▶ **WORK ITEM**
Without the pictures, give the listing below again exactly.

▶ **EXERCISE DATA**
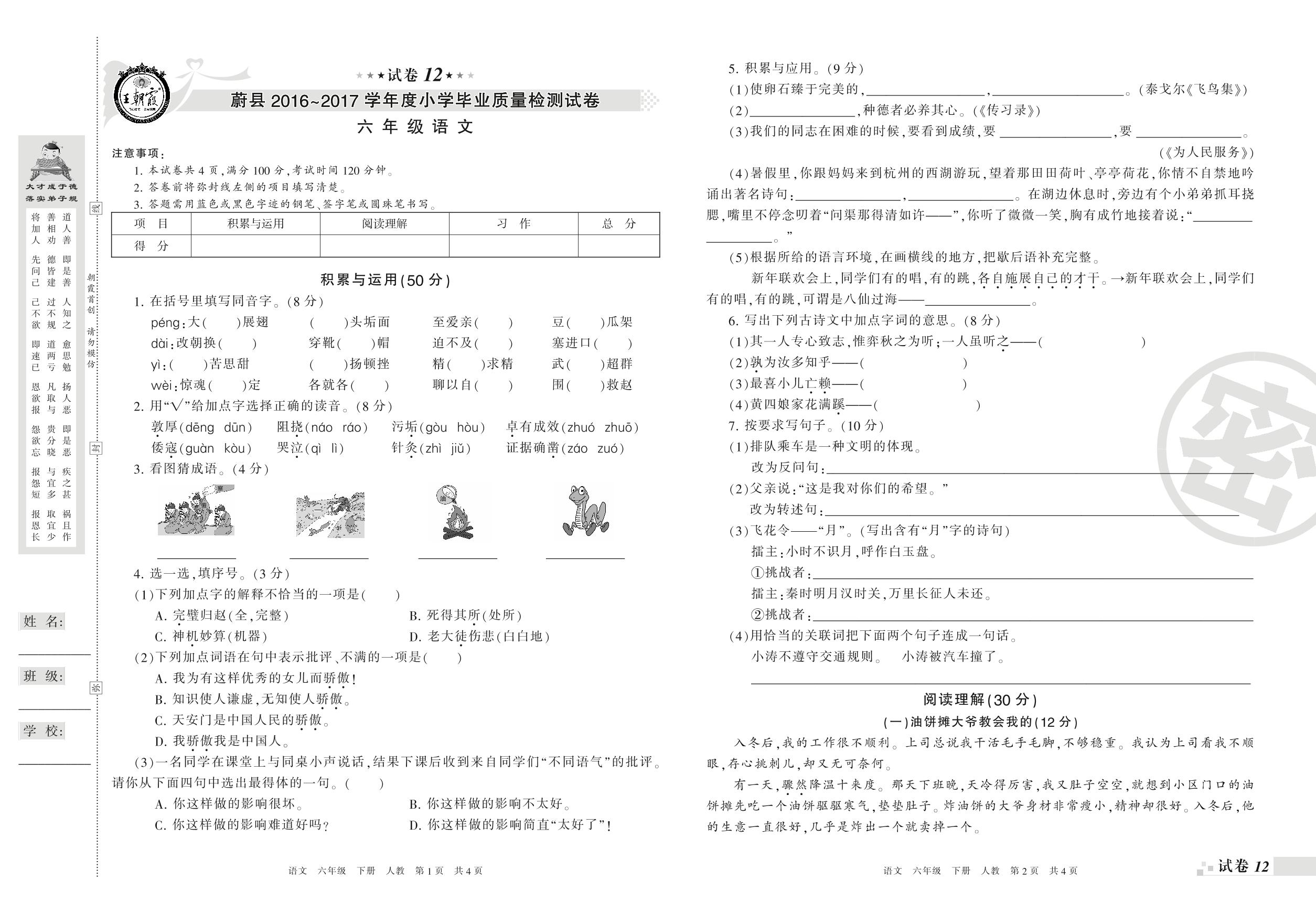 2016-2017学年第二学期张家口市蔚县六年级语文试卷(人教版)【12】
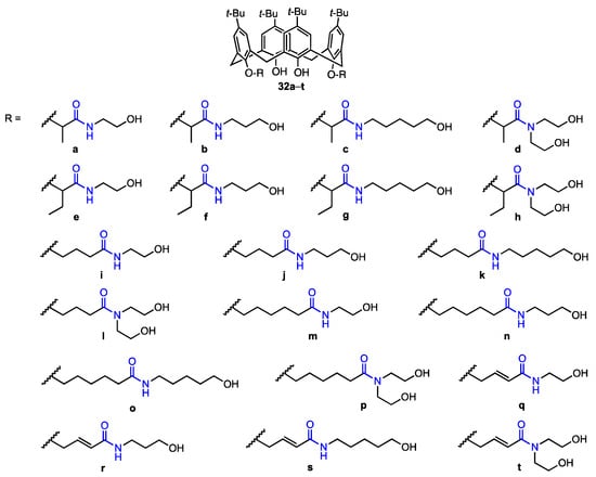 An, Zheng, and their co-workers [46] synthesised twenty calix[4]arene-based carbonyl amide derivatives (32a–t, Figure 8) and studied their anticancer activity against A549, MCF-7, MDA-MB-231 (breast cancer), HT29 (colon carcinoma), and HepG2 (hepatocellular carcinoma) human cancer cell lines, as well as cytotoxicity against HUVEC cells. Some derivatives were found to be active against all five cancer cell lines (MTT assay). In particular, compound 32h displayed inhibition rates of 90.4%, 64.2%, 89.6%, 88.2%, and 90.7% against MCF-7, HT29, HepG2, MDA-MB-231, and A549, respectively, at 10 μM (5 h), and also showed good resistance against HUVEC cells (9.6% inhibition rate). Compared to the previously published [38] calix[4]arene 14 (see Figure 5) bearing simple N-hydroxyethyl-amide groups, 32h displayed activity that was 3.2 times higher against A549 and 6.8 times higher against MDA-MB-231. Based on the inhibitory activity of other derivatives, it was determined that as the length of the alkyl chain between the oxygen atom in the phenolic hydroxy group and amide at the lower rim increases, the activity decreases drastically, and as the steric hindrance between the lower phenolic hydroxyl group and amide increases, the activity also increases. Since compound 32h showed low cytotoxicity against healthy human cells while displaying IC50 values of 1.20 μM (A549) and 0.66 μM (MDA-MB-231), it appears to be the most promising anticancer drug candidate. The mechanism of inhibition was further determined—it was shown in a wound-healing assay that the derivative hinders cell migration of MDA-MB-231 (with the cell migration being prevented to a higher extent as the concentration increases). Apoptosis was also investigated, as the MDA-MB-231 cells were stained with Hoechst 33342, and the cells displayed signs of apoptosis under various concentrations of 32h, thus suggesting that it has a pro-apoptotic effect. This activity was investigated by flow cytometric analysis, which indicated that the addition of the compound may induce cell death and block the G0/G1 phase of the cell cycle. The calixarene derivative induced the activation of caspase-3 (an executive molecule in apoptosis regulation) in the MDA-MB-231 cells, with the concentration of activated caspase-3 increasing as the concentration of the derivative increased. Additionally, the presence of 32h induced the expression of Bax protein, which is pro-apoptotic, and hindered the expression of Bcl-2 protein (anti-apoptotic). It can thus be concluded that 32h is a potential antitumour drug, since it has a high anti-proliferative ability and can possibly induce apoptosis in the cancer cells, not just inhibit proliferation.
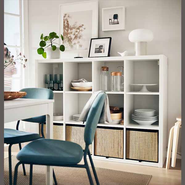 Standing or lying – the KALLAX series adapts to taste, space, needs and budget. Smooth surfaces and rounded corners give a feel of quality and you can personalise the shelving unit with inserts and boxes.
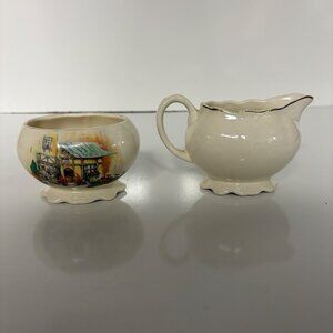 Lancaster Sandland Creamer & Sugar Bowl Set English Ware Cottage Gold Trim VTG

▶ **OUTPUT OF THE TASK**
 2016-2017学年第二学期张家口市蔚县六年级语文试卷(人教版)【12】
 An, Zheng, and their co-workers [46] synthesised twenty calix[4]arene-based carbonyl amide derivatives (32a–t, Figure 8) and studied their anticancer activity against A549, MCF-7, MDA-MB-231 (breast cancer), HT29 (colon carcinoma), and HepG2 (hepatocellular carcinoma) human cancer cell lines, as well as cytotoxicity against HUVEC cells. Some derivatives were found to be active against all five cancer cell lines (MTT assay). In particular, compound 32h displayed inhibition rates of 90.4%, 64.2%, 89.6%, 88.2%, and 90.7% against MCF-7, HT29, HepG2, MDA-MB-231, and A549, respectively, at 10 μM (5 h), and also showed good resistance against HUVEC cells (9.6% inhibition rate). Compared to the previously published [38] calix[4]arene 14 (see Figure 5) bearing simple N-hydroxyethyl-amide groups, 32h displayed activity that was 3.2 times higher against A549 and 6.8 times higher against MDA-MB-231. Based on the inhibitory activity of other derivatives, it was determined that as the length of the alkyl chain between the oxygen atom in the phenolic hydroxy group and amide at the lower rim increases, the activity decreases drastically, and as the steric hindrance between the lower phenolic hydroxyl group and amide increases, the activity also increases. Since compound 32h showed low cytotoxicity against healthy human cells while displaying IC50 values of 1.20 μM (A549) and 0.66 μM (MDA-MB-231), it appears to be the most promising anticancer drug candidate. The mechanism of inhibition was further determined—it was shown in a wound-healing assay that the derivative hinders cell migration of MDA-MB-231 (with the cell migration being prevented to a higher extent as the concentration increases). Apoptosis was also investigated, as the MDA-MB-231 cells were stained with Hoechst 33342, and the cells displayed signs of apoptosis under various concentrations of 32h, thus suggesting that it has a pro-apoptotic effect. This activity was investigated by flow cytometric analysis, which indicated that the addition of the compound may induce cell death and block the G0/G1 phase of the cell cycle. The calixarene derivative induced the activation of caspase-3 (an executive molecule in apoptosis regulation) in the MDA-MB-231 cells, with the concentration of activated caspase-3 increasing as the concentration of the derivative increased. Additionally, the presence of 32h induced the expression of Bax protein, which is pro-apoptotic, and hindered the expression of Bcl-2 protein (anti-apoptotic). It can thus be concluded that 32h is a potential antitumour drug, since it has a high anti-proliferative ability and can possibly induce apoptosis in the cancer cells, not just inhibit proliferation.
 Standing or lying – the KALLAX series adapts to taste, space, needs and budget. Smooth surfaces and rounded corners give a feel of quality and you can personalise the shelving unit with inserts and boxes.
 Lancaster Sandland Creamer & Sugar Bowl Set English Ware Cottage Gold Trim VTG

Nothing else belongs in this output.